ANY DISTURBANCE or intruder sends them into a panic! Sheep—obviously created to illustrate the nature of people, can run haphazardly into real danger when fearful or anxious. Sheep will not lie down unless they feel secure any more than people will peacefully rest in a big storm.
We experienced storms while living in the Pacific Northwest, but none compared to the faith-testing storms that eventually blew away everything we held dear and familiar. In that process, our small church in Seattle Microsoft country struggled and closed. That put us out of ministry and past our prime for the job market. Our last fledgling graduated and left the nest early because we had to sell our home. A sales job kept us on the road and motels became a new normal. We felt scattered—separated from our children, homeless, and without purpose. I identified with those fearful, nervous sheep. Day after day the future remained hidden with no assurance other than God’s promised presence. He made us “lie down,” made us have to wait… and in our waiting… He fed us. It took time to realize His intentions—simply to rest in Him, simply to trust Him with all our hearts and not lean to our own “sheeple” understanding.
The Prophet Ezekiel saw Israel scattered all over the earth like sheep. Yet God promised to shepherd and gather them back to settle securely into the land promised to their forefathers. Our Shepherd eventually brought us into a new land as well. We moved and settled into Alaska where we enjoyed the security of a good job, new friends, our children, grandchildren, and a new ministry identity.

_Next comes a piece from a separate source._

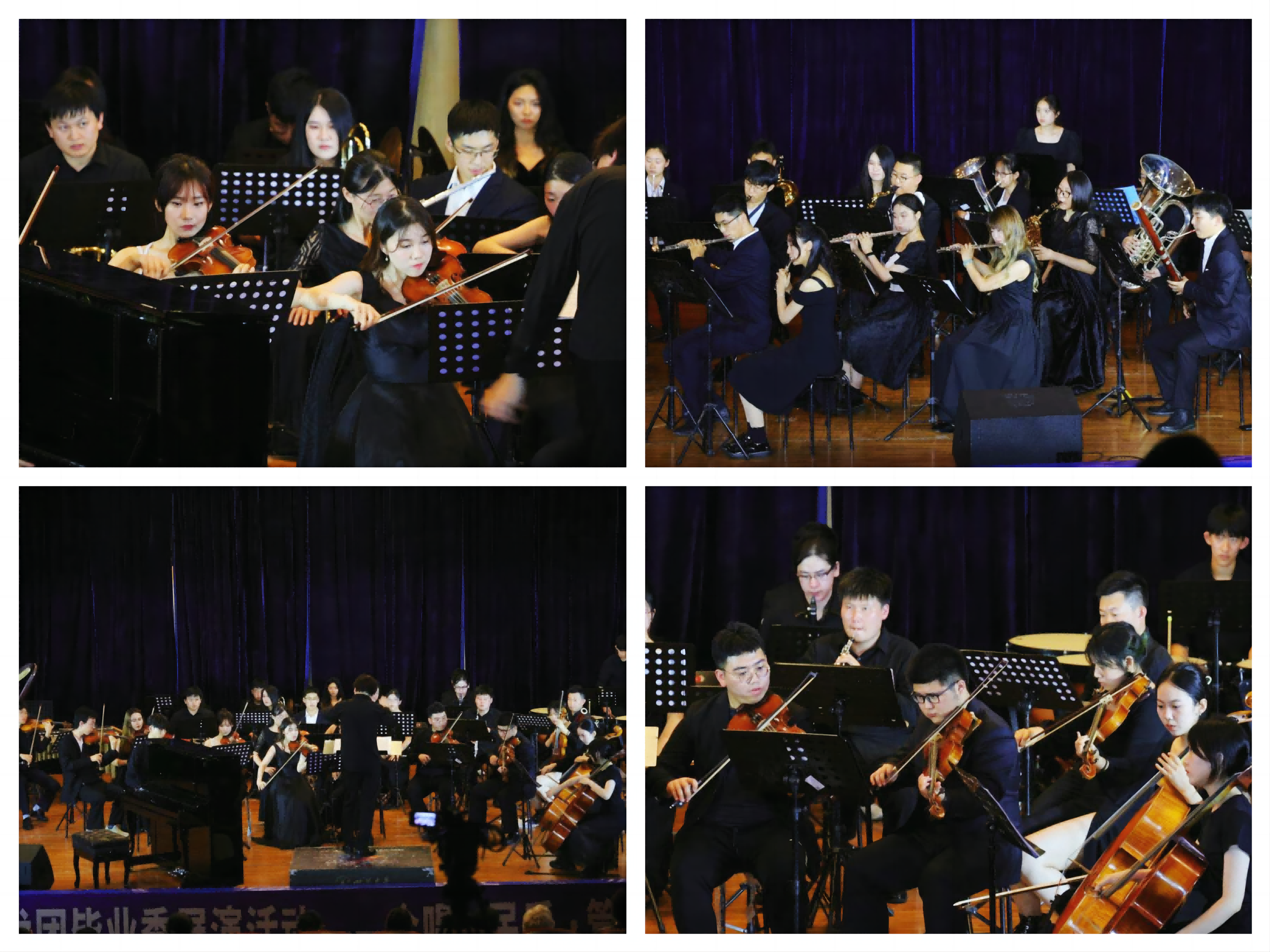 6月10日晚,管乐专场和交响乐专场于望江校区文华活动中心音乐厅陆续上演。萨克斯五重奏《City of Stars》、长笛四重奏《Lemon》、铜管五重奏《龙猫》、键盘打击乐三重奏《离别》,萨克斯独奏《回家》、圆号独奏《莫扎特第四圆号协奏曲》、单簧管独奏《竞赛曲》,以及交响乐演奏《拉赫玛尼诺夫第二钢琴协奏曲》《西贝柳斯第七交响曲》等,学生管乐团、交响乐团的同学们以饱满的情绪和青春的诠释让世界名曲平易近人、充满活力。

Did I then shift my security from Christ alone to earthly success and material abundance? The panic I experienced when those earthly securities were threatened, proved I did indeed. Worst case scenarios plagued my imagination and I devised all kinds of ideas and plans to provide for ourselves. Then my Shepherd made me lie down; His still small voice breathed courage and hope into my heart once again.
Of course, God must use something to draw us back to Himself, something to make us aware of our complete inability to remain self-sufficient. Therefore, all the circumstances of our lives work together for that very purpose. Jesus not only shepherds us, but as the true Vine, He also sustains us. So we move from being stupid, frightened sheep to grape racks drawing nourishment from that Vine. That way the fruit of God’s Holy Spirit flows through us to encourage and strengthen others—making us interdependent together with them—again God’s intention.
How does a sheep morph into a branch? Why does God mix metaphors like that? Maybe because being “born-again” doesn’t just fix up the old, it makes us into something entirely different. Paul tells us, “Therefore, if anyone is in Christ, he is a new creation; old things have passed away; behold, all things have become new (2Co 5:17). This “new creation” rests in the peace and safety of secure attachment to the Vine.
Storms still come to test and strengthen our faith, some unproductive branches must be pruned—lifted up or cut off to conform us to the character of Jesus. God makes us lie down so we will rest from our own striving, our own self-protection, our own works. He wants us to embrace what He has already done for us, is doing in us, and will do through us.
Becoming aware of our limitations and helplessness in these storms make us lie down our self-sufficiency so we can rest in His power. Obscurity and futility make us lie down our self-worship so we and others will worship only Him. Life’s imperfections and flux make us lie down our self-righteousness so He can exchange our filthy rags for His own absolute purity. When we can no longer medicate our pain and conflict with self-gratification, we lay it down and God will make known to us the path of life and fill us with joy in His presence, with eternal pleasures at His right hand (Psa 16:11).
Deep breath. . . release. . . rest.
RESTING
Tonight my spirit
Is as a babe
Wrapped ‘round
In the warm, soft, white folds
Of His righteousness.
The everlasting arms
Hold me close
As His peace
Seeps into my conscious mind,
Lovingly, lulling me to sleep.
All the struggles and pains
Of the day
Are forgotten
As the joy of His love
Melts away everything
But the remembrance
Of His gentle care.
Through the night I rest,
So deeply embedded
In His love.
©MarJean S. Peters
Hunger gnawed as I attempted to shed a few pounds instead of gaining them during weeks of inactivity in motels. My eyes scanned the room—scratched nightstands held orange, sixties-something lamps obliging both sides of the bed. As I wrote, I leaned against a faded orange vinyl headboard facing an intrusive television hulking upon a dark bureau. Two vinyl chairs addressed a small, scuffed table near an ironing board that waited against a blank wall for my husband’s white shirts. I no longer smelled the old motel odor that greeted us when we first arrived because we had since amalgamated with it. Engines rumbled outside and traffic lights flashed. Airplanes roared overhead and commercial buildings broke the horizon.

JAGGED SNOW-CLAD PEAKS catch the sun’s brilliance and I marvel once again at God’s mastery in this forgotten, frozen wilderness. Each corner we turn reveals another mountain, another breathtaking view as we drive from Kenai to Anchorage. I’m still mindful of many flights over rugged mountain ranges, across vast tundra and snaking rivers on trips to Alaskan villages, and I’m awestruck by our smallness within God’s greatness!